Next Best Tips: Once you hit 40, regular, gentle exfoliation helps keep the complexion lustrous. Of all the anti-aging products on drugstore shelves, Waldorf recommends RoC Deep Retinol Correxion Wrinkle Serum and SkinMedica TNS Essential Serum, which she calls, “chicken soup for the skin.”

THE IMAGE CONSULTANT

Who
: Kelly Machbitz, certified image consultant in Tampa, Florida, and author of All About Face.

Top Secret: Soften the eyeliner. “Women tend to go too heavy, which drags the eyes down and makes them look older,” says Machbitz Instead of black, try a slate or grey. “Then, with your pencil or brush, just dot along the rim where your lashes are, and lightly connect the dots without drawing a harsh line straight across.”  

Next Best Tips: Lose the dark-outline lip trick. “You can create a much fresher look by using a nude lip liner to define the shape, and then filling in with a clear or subtle gloss,” says Machbitz. And when it comes to choosing the right foundation it’s worth a one-time splurge at the makeup counter to have a specialist help you pick the right foundation so it looks like you’re not wearing anything. Before buying, let the product dry on your skin (the color can darken) and check it outside in the daylight. Once you have the perfect shade, you can always match it with a less pricey product. 

THE DATING COACH
Who
: Rachel Canis, professional matchmaker and president of Best Foot Forward, a Chicago dating service. 

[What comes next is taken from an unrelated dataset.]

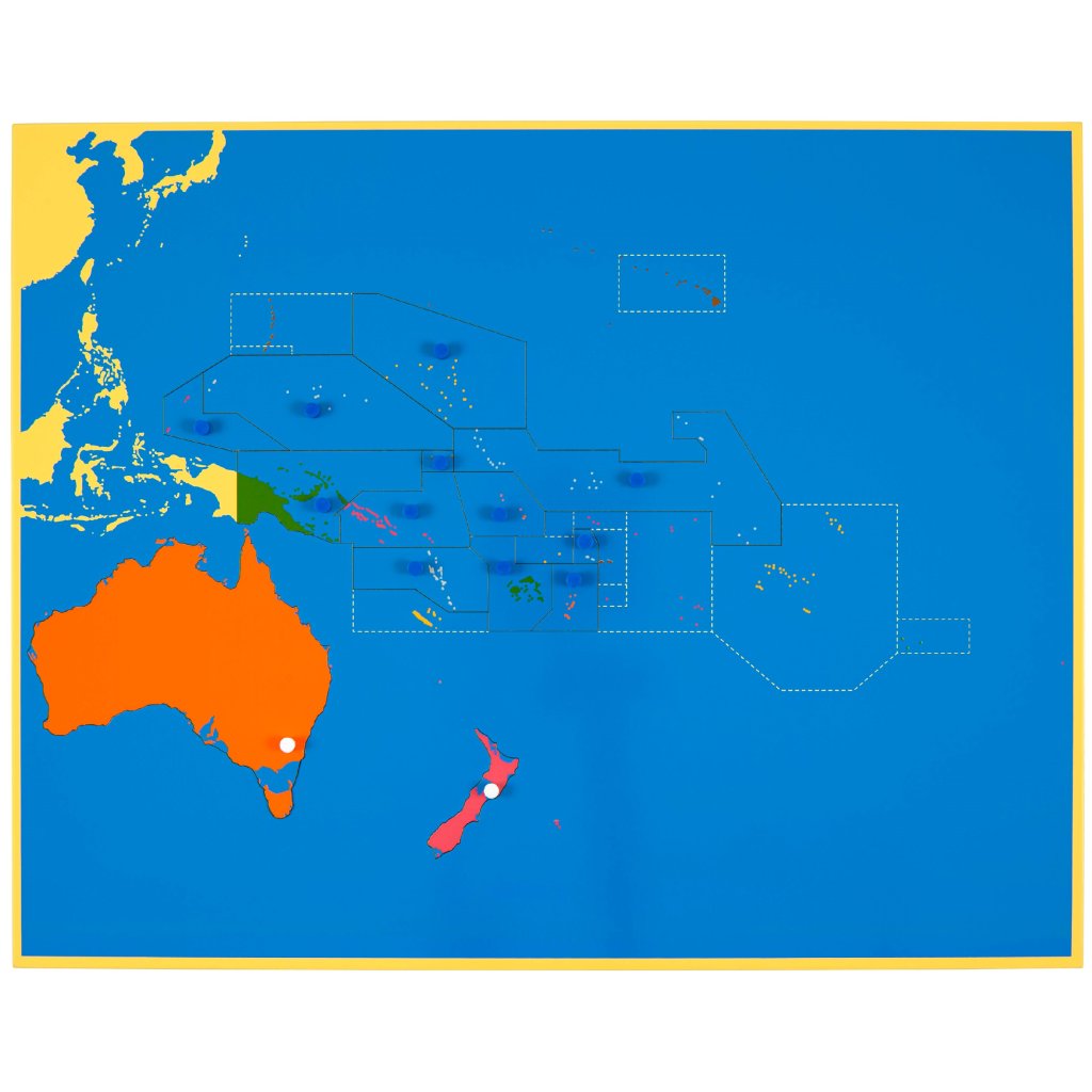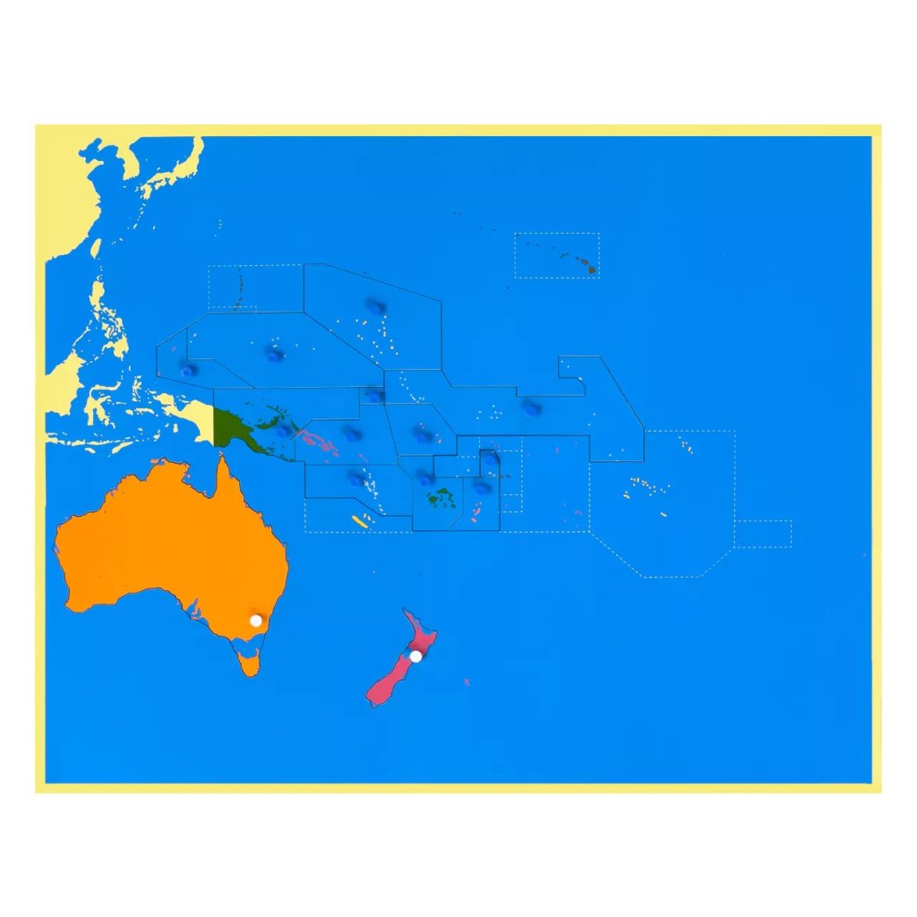 Prostřednictvím smyslových aktivit s puzzle AUSTRÁLIE a OCEÁNIE si děti začínají budovat znalosti světové geografie. Sítotiskové mapy jsou vyřezávány laserem, díky čemu je zajištěna přesnost a dostupnost náhradních dílů.

Top Secret: Downplay. “Make sure you’re not going into dead-on cougar attire,” says Canis. “I’m talking about wearing really tight clothes that show it all. I don’t care how great your body is. After a certain age, it looks like you’re trying too hard, and you just come off older.”  Then again, she says, “dressing super corporate can age you too.” Young women have a sense of feeling comfortable with themselves, which is why Canis recommends mixing in some softer fabrics. “Try a structured piece with a flowy piece, or a tight tank top with a fuller jacket,” she says. “I always seem to meet people when I’m wearing a cocktail dress and a pair of funky flip-flops.” 

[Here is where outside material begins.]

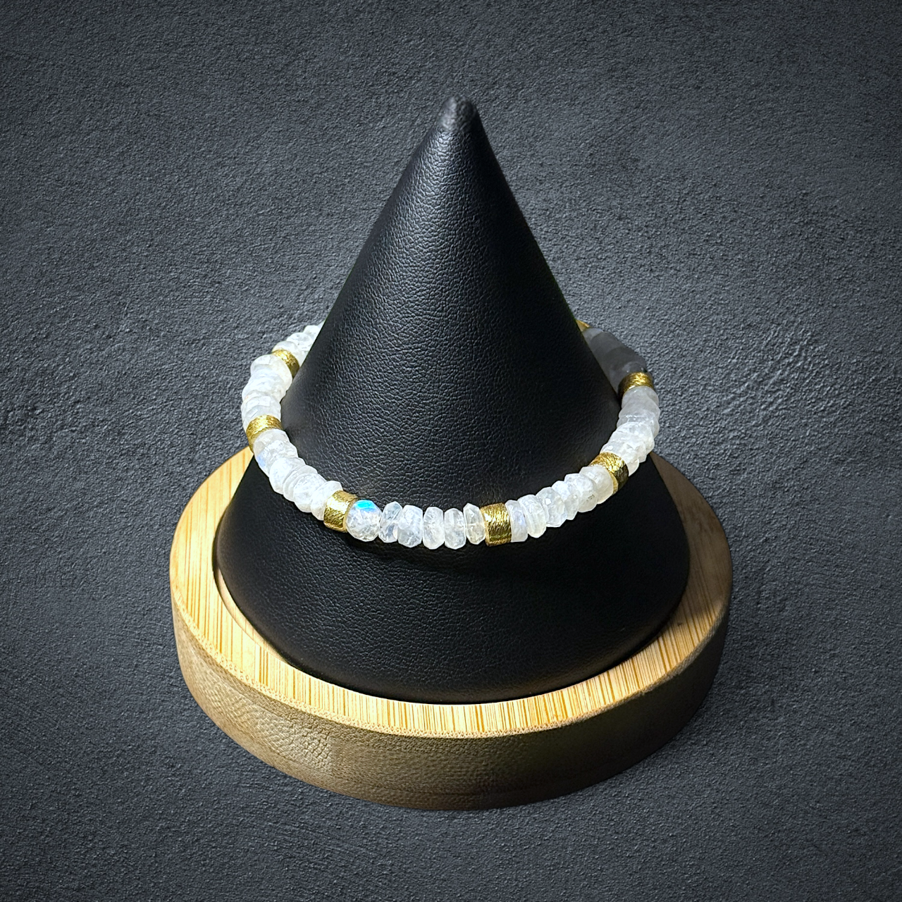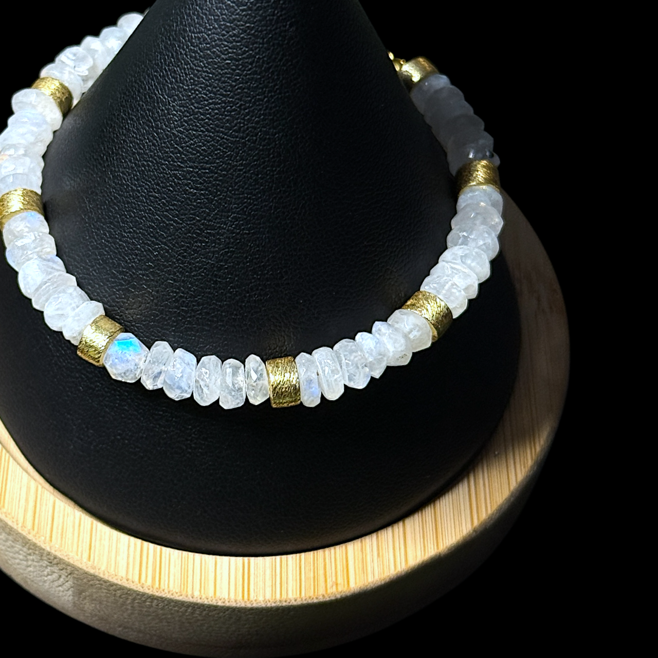 💧 Aquamarine & Spectrolite Bracelet — “The Calm Visionary” Cool-toned Aquamarine beads meet a raw Spectrolite centerpiece wrapped in brushed gold, creating a luminous play of sea and storm. The soft blue beads bring calm and clarity, while the Spectrolite reflects shifting flashes of light — a reminder that intuition often glows in motion.

Next Best Tips: Err on the side of less makeup, versus more. Peachy colors and a little shimmer are all you need for a young and dewy appeal, says Canis. Also trendy can be tricky. “The short, sculpted hairdos are great in your twenties, but when you’re older, they frumpify you. And at a certain age, you really don’t want to be doing green nails.”     

THE PHOTO DIRECTOR

Who: Katherine Schad, director of photography at O, the Oprah Magazine. 

Top Secret: If you’re posing for a photo, “black and white film is more forgiving than color,” says Schad. “And shoot outdoors—an interior flash can be glaring if the photographer isn’t a pro.” The key to projecting “young”, she says, is being relaxed. One tried-and-true trick: Look away from the camera and then turn back so the “click” will capture your spontaneous energy.

Next Best Tips: Schad, who often shoots real women for her magazine’s makeovers, re-dresses her subjects in a classic look with a fun little twist: “Maybe a cute black dress with a pair of great red shoes, or jeans and a crisp, white shirt, with an unusual appliquéd jacket,” she explains. As for hair? Overly-fussy updos are a little dated, she adds. When in doubt, get a blowout. 

THE “REAL AGE” DOCTOR

Who: Micheal Roizen, MD, author of RealAge: Are you as young as you can be? and coauthor, with Mehmet Oz, MD, of YOU: Staying Young

Top Secret: Above and beyond everything else, the No. 1 key to looking younger is a healthy attitude, says Roizen, who chairs the Wellness Institute at the Cleveland Clinic. “And the trick to that is re-focusing on how fortunate you are. Instead of griping, that jerk cut me off, you want to be thinking, At least I’m not as obnoxious as he is—or, in as much of a hurry.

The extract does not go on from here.